_Task instructions_:
For the listing below, the answer is an exact retyping of the lines from the one with "De juiste kleuraanduiding" through the one with "Botas de nieve", both included, without pictures.

_Material provided_:
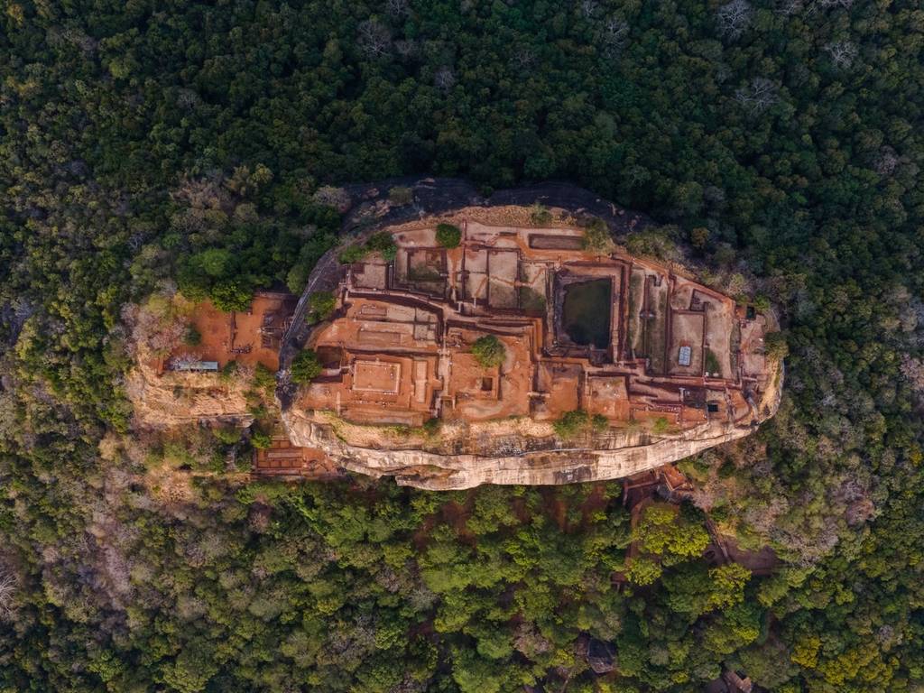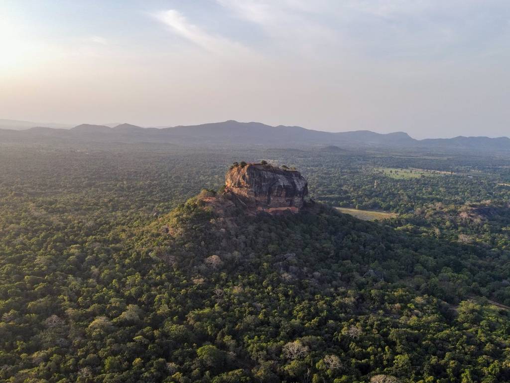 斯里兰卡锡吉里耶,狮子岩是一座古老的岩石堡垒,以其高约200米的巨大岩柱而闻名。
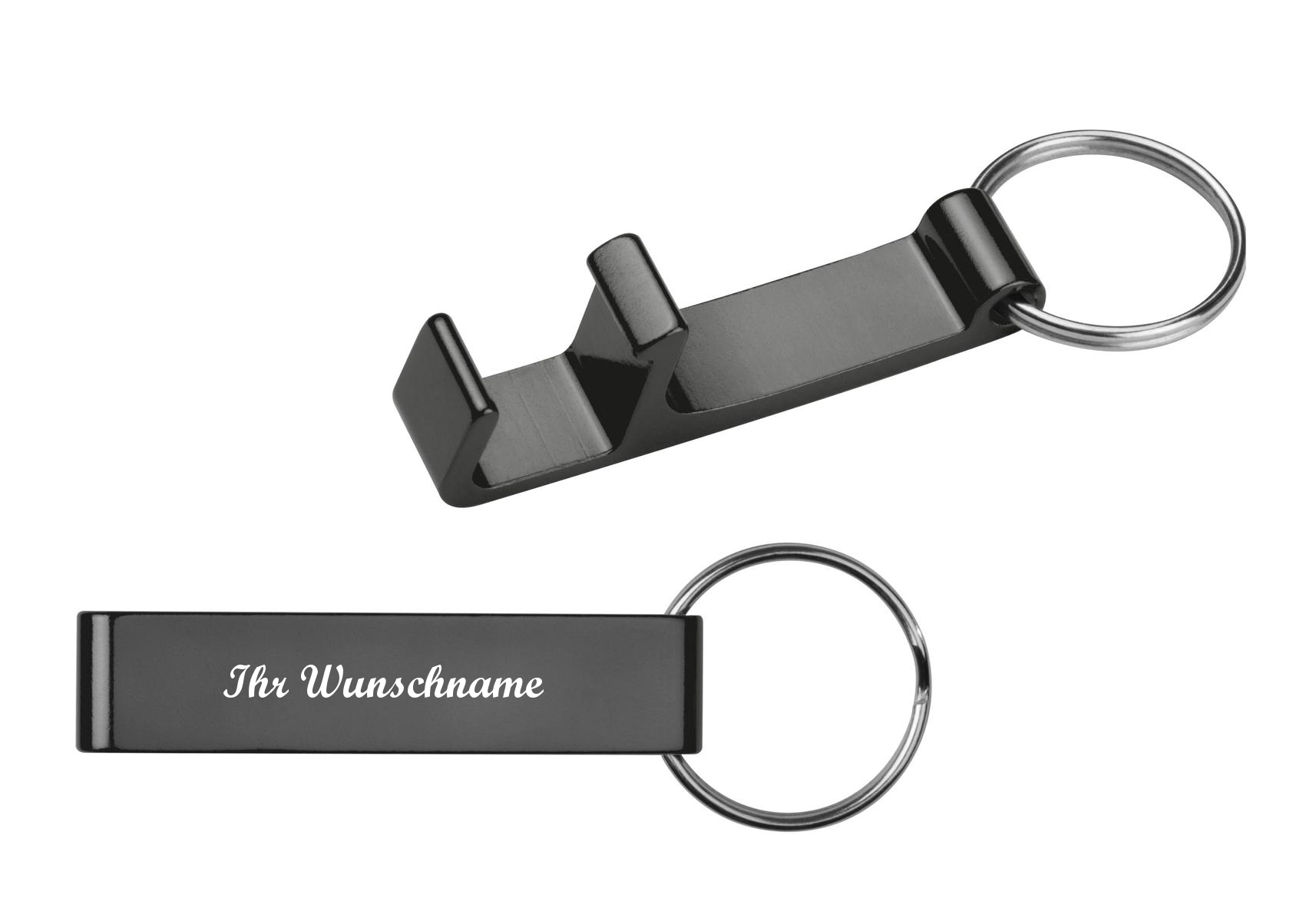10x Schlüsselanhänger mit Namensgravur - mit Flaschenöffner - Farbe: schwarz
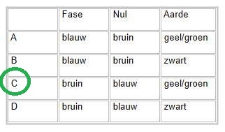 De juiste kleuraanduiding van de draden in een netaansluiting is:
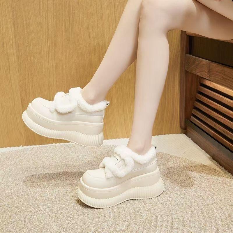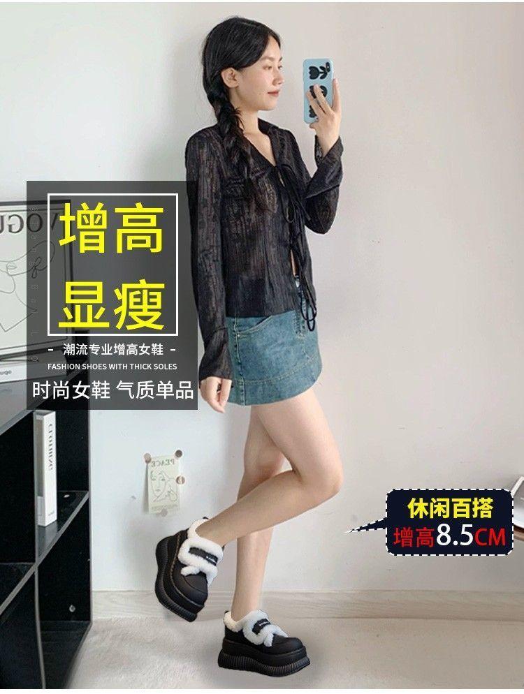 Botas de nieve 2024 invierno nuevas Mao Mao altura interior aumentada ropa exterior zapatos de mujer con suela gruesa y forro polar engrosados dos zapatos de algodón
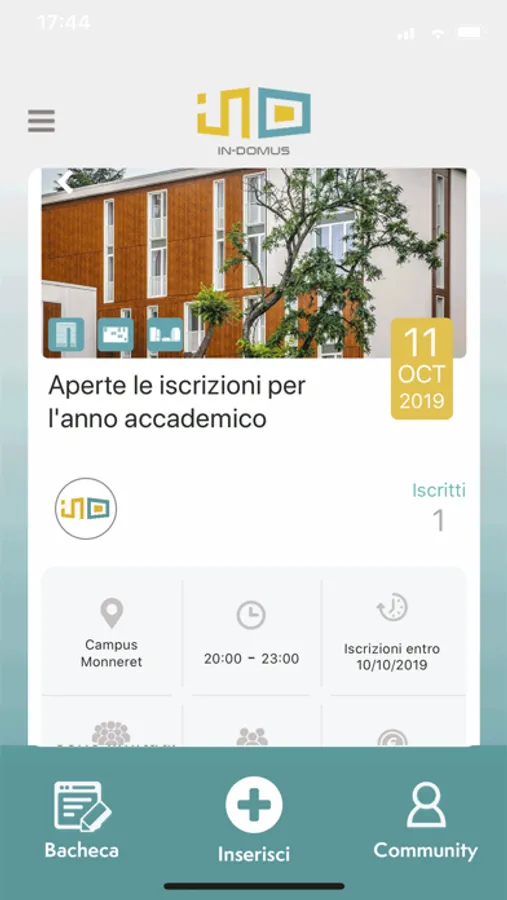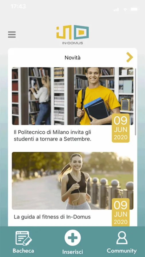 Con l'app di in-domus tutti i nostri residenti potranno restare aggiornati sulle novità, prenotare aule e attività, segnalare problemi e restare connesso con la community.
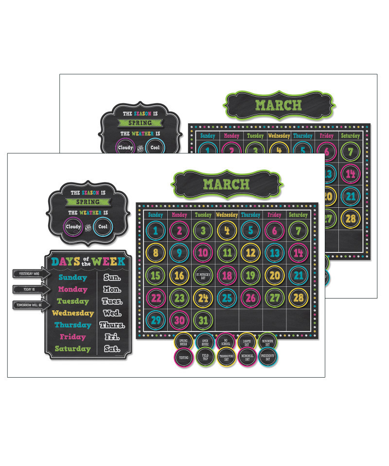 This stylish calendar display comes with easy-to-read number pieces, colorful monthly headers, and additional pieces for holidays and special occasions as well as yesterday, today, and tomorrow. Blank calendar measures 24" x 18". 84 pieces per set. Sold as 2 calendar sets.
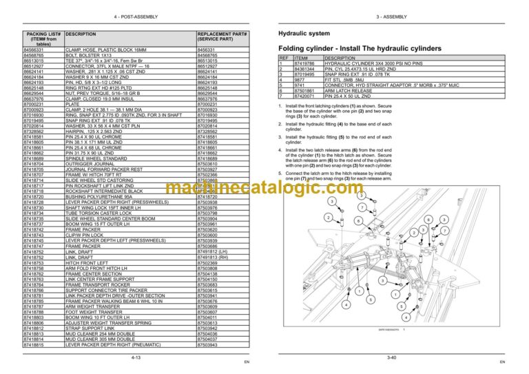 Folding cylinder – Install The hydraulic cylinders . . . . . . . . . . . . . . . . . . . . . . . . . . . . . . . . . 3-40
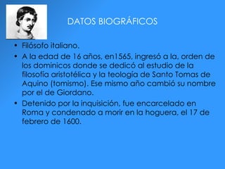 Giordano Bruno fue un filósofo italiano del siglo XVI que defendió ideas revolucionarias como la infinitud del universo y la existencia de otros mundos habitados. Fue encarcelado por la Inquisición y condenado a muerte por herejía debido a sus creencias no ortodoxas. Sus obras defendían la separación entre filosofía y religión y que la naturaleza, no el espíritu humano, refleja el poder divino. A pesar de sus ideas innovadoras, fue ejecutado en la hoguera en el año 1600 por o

--

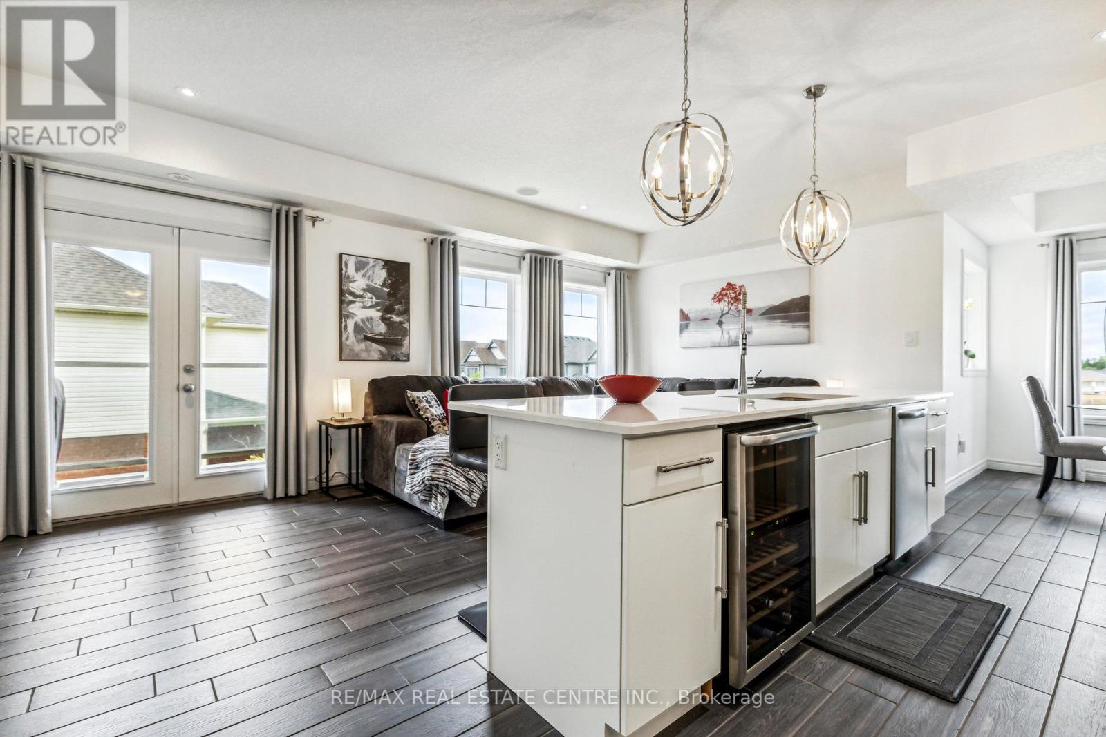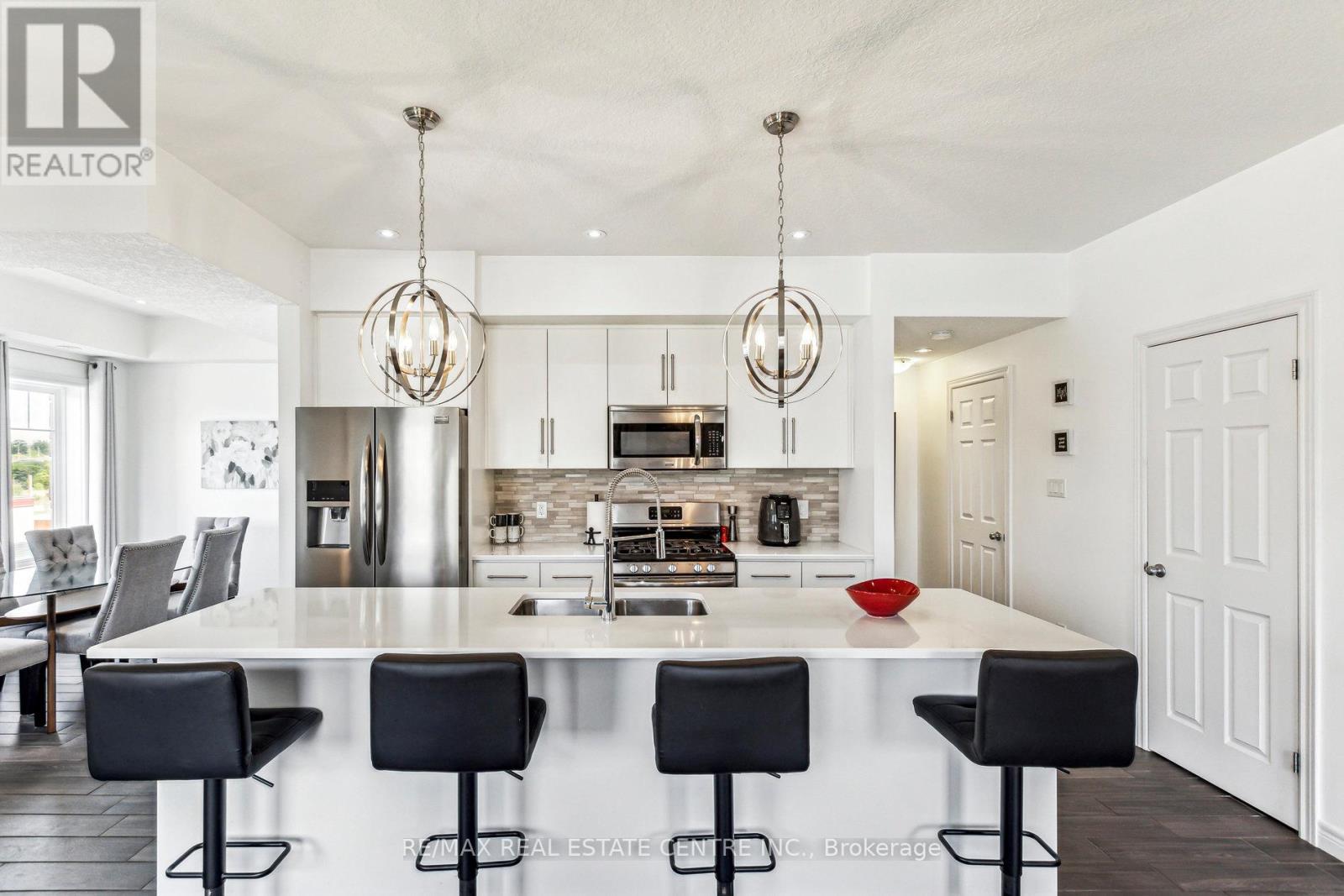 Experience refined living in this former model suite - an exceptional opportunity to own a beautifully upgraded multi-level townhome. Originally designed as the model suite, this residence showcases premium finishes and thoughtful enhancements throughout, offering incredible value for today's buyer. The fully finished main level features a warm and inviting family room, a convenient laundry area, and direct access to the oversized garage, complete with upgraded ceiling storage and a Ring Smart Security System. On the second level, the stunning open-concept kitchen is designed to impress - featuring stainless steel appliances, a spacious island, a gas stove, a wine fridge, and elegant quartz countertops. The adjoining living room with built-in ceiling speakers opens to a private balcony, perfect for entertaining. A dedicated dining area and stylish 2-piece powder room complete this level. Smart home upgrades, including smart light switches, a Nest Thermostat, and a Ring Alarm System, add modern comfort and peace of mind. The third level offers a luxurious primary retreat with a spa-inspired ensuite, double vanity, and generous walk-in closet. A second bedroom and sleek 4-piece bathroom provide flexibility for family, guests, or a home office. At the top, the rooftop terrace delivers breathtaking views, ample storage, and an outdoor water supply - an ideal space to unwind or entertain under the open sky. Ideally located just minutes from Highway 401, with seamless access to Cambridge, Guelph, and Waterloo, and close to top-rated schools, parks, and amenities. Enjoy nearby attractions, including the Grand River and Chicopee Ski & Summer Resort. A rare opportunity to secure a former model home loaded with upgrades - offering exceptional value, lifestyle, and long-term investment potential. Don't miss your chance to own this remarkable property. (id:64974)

_Answer for this exercise_:
 De juiste kleuraanduiding van de draden in een netaansluiting is:
 Botas de nieve 2024 invierno nuevas Mao Mao altura interior aumentada ropa exterior zapatos de mujer con suela gruesa y forro polar engrosados dos zapatos de algodón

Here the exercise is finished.